122 |             if filename.rfind('.') != -1:
123 |                 filename = filename[filename.rfind('.'):] + '.' + format
124 |             else:
125 |                 filename = filename + '.' + format
126 | 
127 |         # Check if file already exists
128 |         write_file = False
129 |         if not os.path.isfile(filename):
130 |             write_file = True
131 |         elif overwrite:
132 |             write_file = True
133 |         else:
134 |             if input("{} already exists. Overwrite?\n(y/n): ".format(filename)).lower() == 'y':
135 |                 write_file = True
136 | 
137 |         # Format lyrics in either .txt or .json format
138 |         if format == 'json':
139 |             lyrics_to_write = {'songs': [], 'artist': self.name}
140 |             for song in self.songs:
141 |                 if skip_duplicates is False or not songInArtist(song):  # This takes way too long! It's basically O(n^2), can I do better?
142 |                     lyrics_to_write['songs'].append({})
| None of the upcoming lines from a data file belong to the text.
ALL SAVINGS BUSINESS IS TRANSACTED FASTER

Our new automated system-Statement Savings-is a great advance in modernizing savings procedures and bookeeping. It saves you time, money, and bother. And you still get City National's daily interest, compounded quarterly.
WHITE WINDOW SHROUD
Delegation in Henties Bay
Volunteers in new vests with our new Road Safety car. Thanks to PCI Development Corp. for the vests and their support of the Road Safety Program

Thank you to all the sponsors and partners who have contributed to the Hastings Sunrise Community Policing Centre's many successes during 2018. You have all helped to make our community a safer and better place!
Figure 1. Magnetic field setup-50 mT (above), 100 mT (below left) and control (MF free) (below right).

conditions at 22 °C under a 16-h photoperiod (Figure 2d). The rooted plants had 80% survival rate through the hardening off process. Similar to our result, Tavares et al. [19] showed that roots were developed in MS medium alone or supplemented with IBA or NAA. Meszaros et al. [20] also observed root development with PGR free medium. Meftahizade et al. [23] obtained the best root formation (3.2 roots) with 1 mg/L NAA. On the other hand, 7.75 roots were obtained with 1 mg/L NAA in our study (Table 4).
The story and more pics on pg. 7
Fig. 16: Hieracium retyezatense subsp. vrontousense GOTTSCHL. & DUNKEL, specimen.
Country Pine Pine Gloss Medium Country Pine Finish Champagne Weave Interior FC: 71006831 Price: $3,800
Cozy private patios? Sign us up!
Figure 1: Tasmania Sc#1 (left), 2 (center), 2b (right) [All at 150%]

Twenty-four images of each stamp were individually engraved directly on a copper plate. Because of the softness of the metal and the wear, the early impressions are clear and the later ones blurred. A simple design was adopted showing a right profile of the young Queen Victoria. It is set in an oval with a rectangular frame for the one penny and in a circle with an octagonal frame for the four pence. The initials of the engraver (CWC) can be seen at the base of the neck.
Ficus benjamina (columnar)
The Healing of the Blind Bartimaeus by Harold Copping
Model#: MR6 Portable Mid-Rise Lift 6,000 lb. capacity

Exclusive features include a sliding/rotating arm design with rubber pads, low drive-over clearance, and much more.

143 |                     lyrics_to_write['songs'][-1]['title'] = song.title
144 |                     lyrics_to_write['songs'][-1]['album'] = song.album
145 |                     lyrics_to_write['songs'][-1]['year'] = song.year
146 |                     lyrics_to_write['songs'][-1]['lyrics'] = song.lyrics
147 |                     lyrics_to_write['songs'][-1]['image'] = song.song_art_image_url
148 |                     lyrics_to_write['songs'][-1]['artist'] = self.name
149 |                     lyrics_to_write['songs'][-1]['raw'] = song._body
150 |                 else:
151 |                     if verbose:
152 |                         print("SKIPPING \"{}\" -- already found in artist collection.".format(song.title))
153 |         else:
154 |             lyrics_to_write = " ".join([s.lyrics + 5 * '\n' for s in self.songs])
155 | 
156 |         # Write the lyrics to either a .json or .txt file
157 |         if write_file:
158 |             with open(filename, 'w') as lyrics_file:
159 |                 if format == 'json':
160 |                     json.dump(lyrics_to_write, lyrics_file)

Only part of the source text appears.